Perhaps more tragically, he left behind a wife and child. This is also true of one of the students; the other was recently engaged. Of course, this kind of risk was theirs to take and they took it without any illusion - as we all do. Military necessity requires us to ply our trade in dangerous regimes of flight, often at high speeds and low altitudes. Knowing this, we take especial care to identify risks and mitigate them. This is doubly true in a training command, because of "there is no glory in dying in a white [training] aircraft." All of us officers in the command realize there is nothing to do except grieve, reflect, pick up, and continue with our mission. In fact, I will be doing just that tomorrow.

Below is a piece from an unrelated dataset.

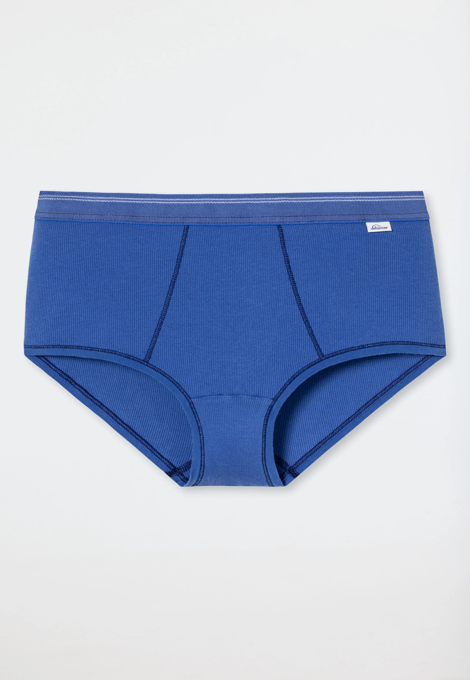 - woven elastic waistband with white decorative stripes and traditional woven Schiesser logo

For this reason (in spite of the loss), things continue more or less as normal. No doubt as I immerse myself again in the task of flying, the grief will recede. But hopefully not the memory of these four aviators. There is a quotation on the wall of our Squadron bar says talks about how any aviator's death is every aviator's responsibility; perhaps if they had exchanged one more story about a hazard or they had invested a little more time in training they'd still be among us. That quote in turn reminds me of John Donne's famous meditation:
"No man is an island, entire of itself / every man is a piece of the continent, a part of the main / if a clod be washed away by the sea, Europe is the less, as well as if a promontory were, as well as if a manor of thy friends or of thine own were / any man's death diminishes me, because I am involved in mankind / and therefore never send to know for whom the bell tolls / it tolls for thee."
The grief I feel is real, despite not knowing any of the dead aviators very well. Their death reminds me of my own mortality, especially at the hand of flying; it is the loss of experience, from which I could benefit. Most importantly, they were comrades whose support I miss, even if I only received it tangentially. Moving on feels good, because grief hurts. But every so often I hear of an aviation mishap, and my mind returns to this one. I hope it makes me wiser.